Blidingia marginata is a species of seaweed in the Kornmanniaceae family.

==Description==
The species is 2–5 cm high, 100–200 μm (4–8×10−3 in) wide and 12–100 μm thick. It has 15-20 cells, each of which is 10 μm long.

==Distribution==
It can be found in such African countries as Azores, South Africa, Algeria, and Morocco. It can be found in various gulfs, oceans and seas such as Gulf of Maine and Gulf of Mexico, in Atlantic Ocean and Mediterranean Sea. It is also common on Bermuda, Cuba, and Tristan da Cunha. The North American distribution is varied by state in the United States but can be found in Canada and Mexico as well.
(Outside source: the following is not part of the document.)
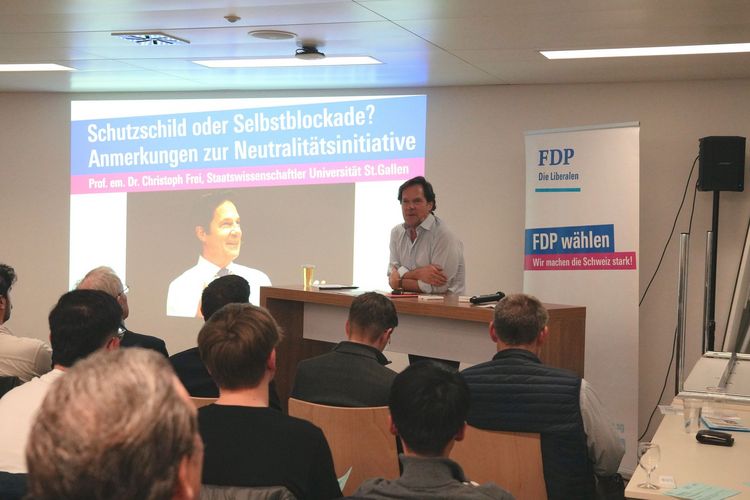 Zur sogenannten Neutralitätsinitiative hielt Professor Christoph Frei, Staatswissenschaftler an der Universität St.Gallen, ein Impulsreferat. Er zeigte in zehn Punkten auf, dass Neutralität in der Schweizer Geschichte nie Selbstzweck war, sondern stets ein Instrument zur Sicherung der Interessen und der Sicherheit unseres Landes. Eine starre Verankerung in der Verfassung würde diesen Handlungsspielraum unnötig einschränken. Im anschliessenden Podium diskutierten FDP-Vizefraktionspräsident Ruben Schuler und SVP-Fraktionspräsident Sascha Schmid, moderiert von FDP-Vizepräsident Sven Bradke. Schmid argumentierte, die Welt brauche weiterhin neutrale Staaten wie die Schweiz, die in internationalen Konflikten vermitteln zu können. Schuler betonte, die Neutralität gehöre zur Schweiz und habe sich bewährt. Sie dürfe jedoch nicht in ein starres Korsett gezwängt werden. Die Initiative würde die sicherheitspolitische Handlungsfähigkeit der Schweiz einschränken, die Verteidigungsfähigkeit schwächen und die Schweizer Rüstungsindustrie gefährden – und damit letztlich auch die Versorgung der eigenen Armee. Die Mitgliederversammlung beschloss schliesslich einstimmig die Nein-Parole.

The states that carry the species are Georgia, North Carolina, Virginia, Connecticut, Maine, Massachusetts and New Jersey. In Asia it is found only in Japan while in South America it is found in Argentina, Brazil and Uruguay.

===Australasian distribution===
It is found in New Zealand and southern Australia where it is found in Recherche Archipelago, Streaky Bay, Ardrossan and Port Adelaide.

===European distribution===
In Europe, it is found in Belgium, Ireland, France, Spain, Sweden, and United Kingdom. It is also common on the shores of Portugal and Norway.

==Habitat==
The species is commonly found with Juncus species.